The monetary policy committee’s decision to tolerate higher inflation was one of the factors that contributed to the revival of economy, the central bank governor said.

RBI Governor Shaktikanta Das (File image)

The Reserve Bank of India (RBI) has not fallen behind the curve in terms of raising interest rates and is in sync with the realities of growth and inflation, the central bank governor said on June 17.

“I would not agree with any perception or any sort of description that the RBI has fallen behind the curve. Just imagine if we had started increasing the rates early, what would have happened to growth? This is all hindsight knowledge,” Shaktikanta Das said at an event in Mumbai.

“Could it (early rate hike) have prevented the spike in inflation caused by the war? No. Inflation would still have been at 7 percent.”

The RBI is in sync with the requirements of the economy, the trend of economic development and process of economic recovery, he added.

The RBI-led Monetary Policy Committee has raised the repo rate by a total of 90 basis points in May and June, with an aim to combat inflationary pressures in the economy. Prior to the May rate hike, the repo rate stood at a historical low of 4 percent for two years to help the economy revive from the Covid pandemic. The RBI had also infused sufficient liquidity in the system then.

However, inflation has posed a challenge of late. Retail inflation in India came in at 7.04 percent in May, easing from a near-eight-year high of 7.79 percent in April. Retail inflation has now been above the RBI’s medium-term target of 4 percent for 32 consecutive months. More worryingly, it has now spent five months above the 6 percent upper bound of the 2-6 percent tolerance range.

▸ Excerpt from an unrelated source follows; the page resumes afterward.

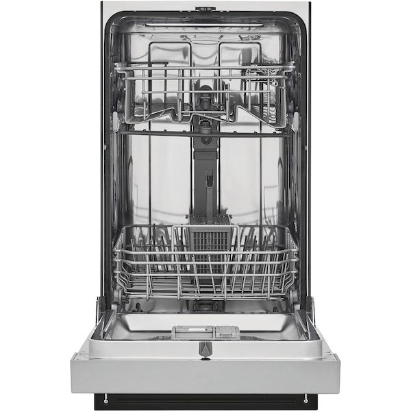 The Frigidaire 18ftft Built-In Dishwasher in Stainless Steel has a top and bottom rack dual spray arm system gives you a thorough clean every time. National Sanitation Foundation certified, itfts sanitize cycle removes 99.9 percent of common household bacteria. This dishwasher cleans 8 place settings in one cycle and features easy-to-use cleaning cycle options for your different cleaning needs including Energy Saver, Heavy Wash, and Rinse Only
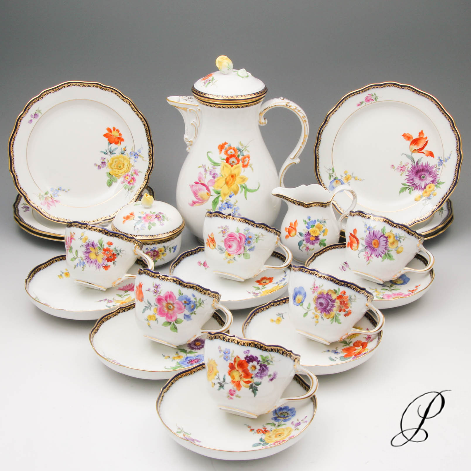 Angeboten wird ein wunderschönes Kaffeeservice aus Meissen.

“I think it was the monetary policy committee’s decision to tolerate higher inflation, definitely, among other factors contributed to the revival of economy and took it to a place where we are today,” Das said today. “India is much better placed than many other economies to face the fallout of the war.”

The shock that the Russia-Ukraine war posed had to be dealt in a calibrated manner, Das added, explaining the rationale of the offcycle rate hike in May.

The priority remains to bring inflation closer to target, Das said.  The central bank is also targeting a “soft landing” of liquidity withdrawal, he said.